Olive singles chronology
| "Miracle" (1996) | "You're Not Alone" (1996) | "Outlaw" (1997) |

Music video
- "You're Not Alone" on YouTube

= You're Not Alone (Olive song) =

1996 single by Olive

"You're Not Alone" is a song written by Tim Kellett and Robin Taylor-Firth and performed by British trip hop group Olive. Released as a single from their debut album, Extra Virgin (1996), in August 1996, it found greater success in 1997 in a remixed version, reaching number one on the UK Singles Chart that May. It won one of the Ivor Novello Awards in the category of Best Dance Music. Three different music videos were filmed for "You're Not Alone". The song has been covered by a number of artists, most notably by German trance DJ and producer ATB in 2002 and Danish singer-songwriter Mads Langer in 2009.

==Critical reception==
Barry Walters for The Advocate remarked that the song "in its original rendition resembles recent Everything But the Girl and now comes across as every other perfect pop-turned-disco masterpiece." Larry Flick from Billboard described "You're Not Alone" as a "lush, ambient tune that has the dark and torchy texture of Everything But the Girl, but with a far more mainstream-friendly, classic-soul flavor." He complimented singer Ruth-Ann Boyle who "brings a rich, smoky quality to the song, while musicians Robin Taylor-Firth and Tim Kellett underline her performance with sweet, swirling strings and jittery breakbeatstyled percussion." Scottish Daily Record called it a "hypnotic dance chart-topper", noting that features former Simply Red "keyboard wiz" Kellett.
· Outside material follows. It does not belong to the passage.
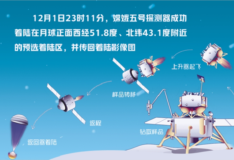 成功着陸後,着陸器在地面控制下,進行了太陽翼和定向天線展開等狀態檢查與設置工作,將正式開始持續約2天的月面工作,預計將採集2千克左右的月球樣品。

Caroline Sullivan from The Guardian felt "the single's summery lilt was balanced by a majestic keyboard riff". Jennifer Nine from Melody Maker wrote, "A Nightmares On Wax guy, a Simply Red sideman and a girl with no last name (of course) have accomplished, quite handily, what they evidently set out to do. A shuffly and vulnerable downbeat, vaguely melancholy—if somewhat fatally unmysterious—Top Shop version of the Massive-Nicolette-Everything But the Girl-you know who end of things."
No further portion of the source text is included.